For the world and time are the dance of the Lord in emptiness. The silence of the spheres is the music of a wedding feast. The more we persist in misunderstanding the phenomena of life, the more we analyze them out into strange finalities and complex purpose of our own, the more we involve ourselves in sadness. But it does not matter much because no despair of ours can alter the reality of things, or stain the joy of the cosmic dance which is always there. Indeed, we are in the midst of it, and it is in the midst of us, for it beats in our very blood, whether we want it to or no.

Joyce Rupp describes the Cosmic Dance beautifully in her book The Cosmic Dance:

As I grew older,…eventually I made some startling discoveries — three of them — and they have changed my life forever. The first of these is the amazing revelation that I am made up of stardust, that every part and parcel of who I am materially was once a piece of a star shining in the heavens. The second discovery is that the air I breathe is the air that has circled the globe and been drawn in and out by people, creatures and vegetation in lands and seas far away. But the most astounding discovery that both awakened and affirmed my early childhood awareness is the fact that I am part of a vast and marvelous dance that goes on unceasingly at every moment in the most minute particles of the universe….

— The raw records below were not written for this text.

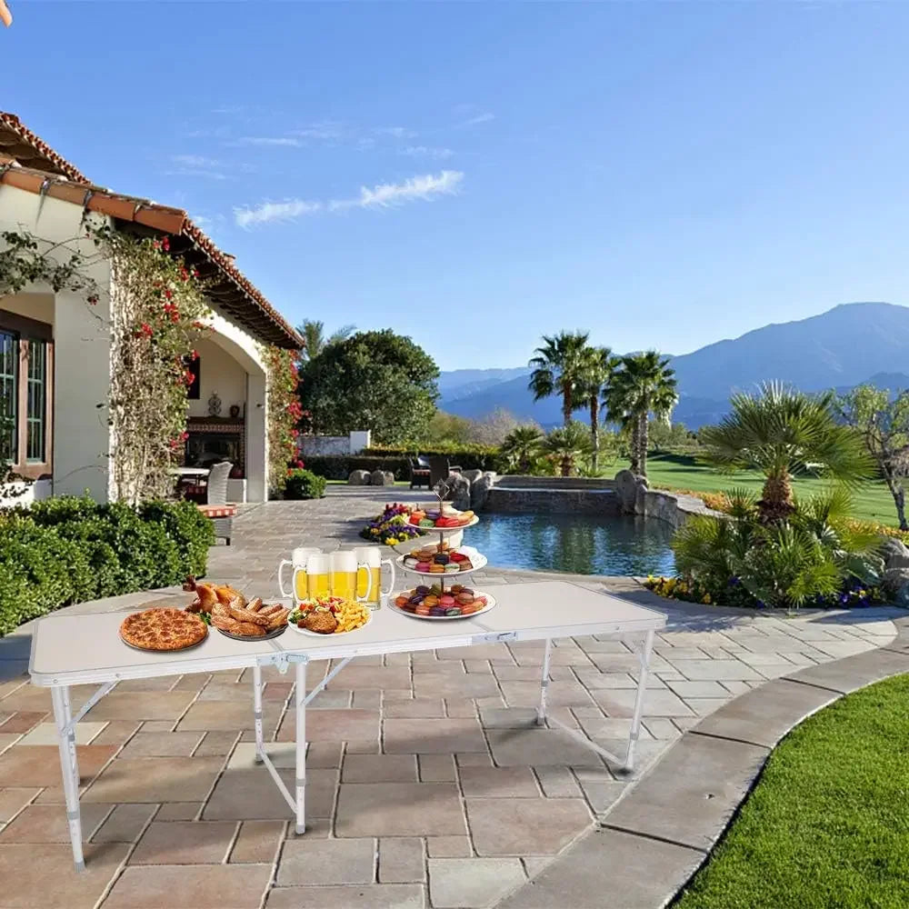 Transform your outdoor setup with a versatile, 6 ft aluminum folding table that stacks up lightweight convenience for camping, picnics, and backyard gatherings.
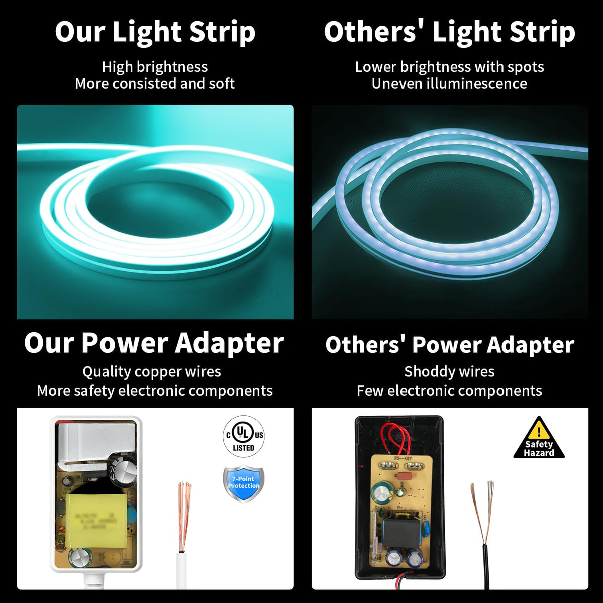 Q: Are the LED lights safe for indoor use?A: Yes, the low heat output of the twelve-volt LED strip lights makes them safe for indoor use, reducing the risk of burns or overheating.
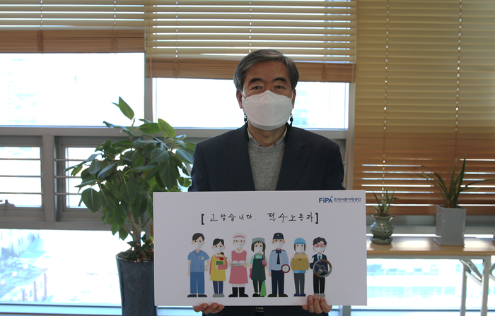 이번 캠페인은 서울시 성동구청장을 시작으로 사회 각계 인사들이 자율참여 중에 있으며, 최명용 공단 이사장은 신현석 한국수산자원공단 이사장으로부터 지목을 받아 필수노동자들의 노고에 감사와 격려의 마음을 전했다.
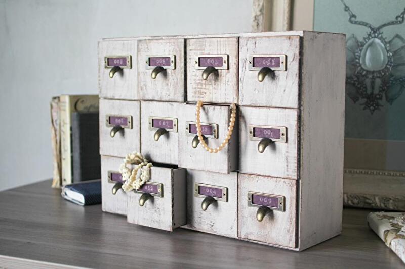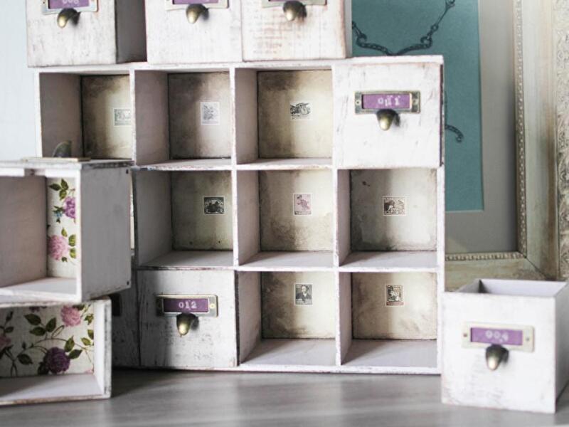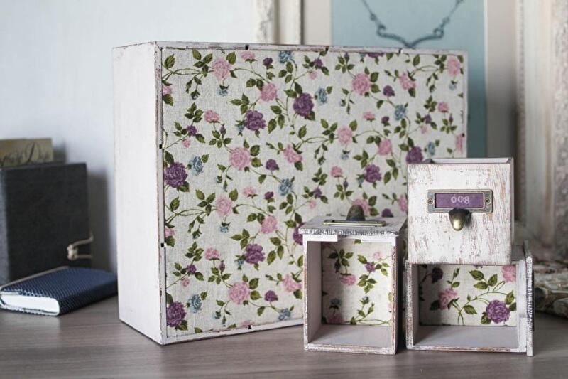 Составляем все ящички вместе и крепим ручки. Также можно слегка затонировать патиной грани и края ящиков.

This book is about my experience of being with the cosmic dance, how I have fallen in love with Earth and how I have been enthralled with the mystery of Moon, Sun, and the Galaxies. It is a book about what I have learned from this great attraction to creation. My three discoveries have changed the way I look at everything and the way I relate to everyone. I see that I am not a separate entity, and never could be, because the tiny particles of my body are dancing, intermingling with the particles of life around me. It is not a matter of “them” and “me”, whether this be people, rocks, sea anemones, clouds, or rabbits on the run. Rather, it is a matter of “us….”

Dance with the Cosmic Christ who shows us the Creator.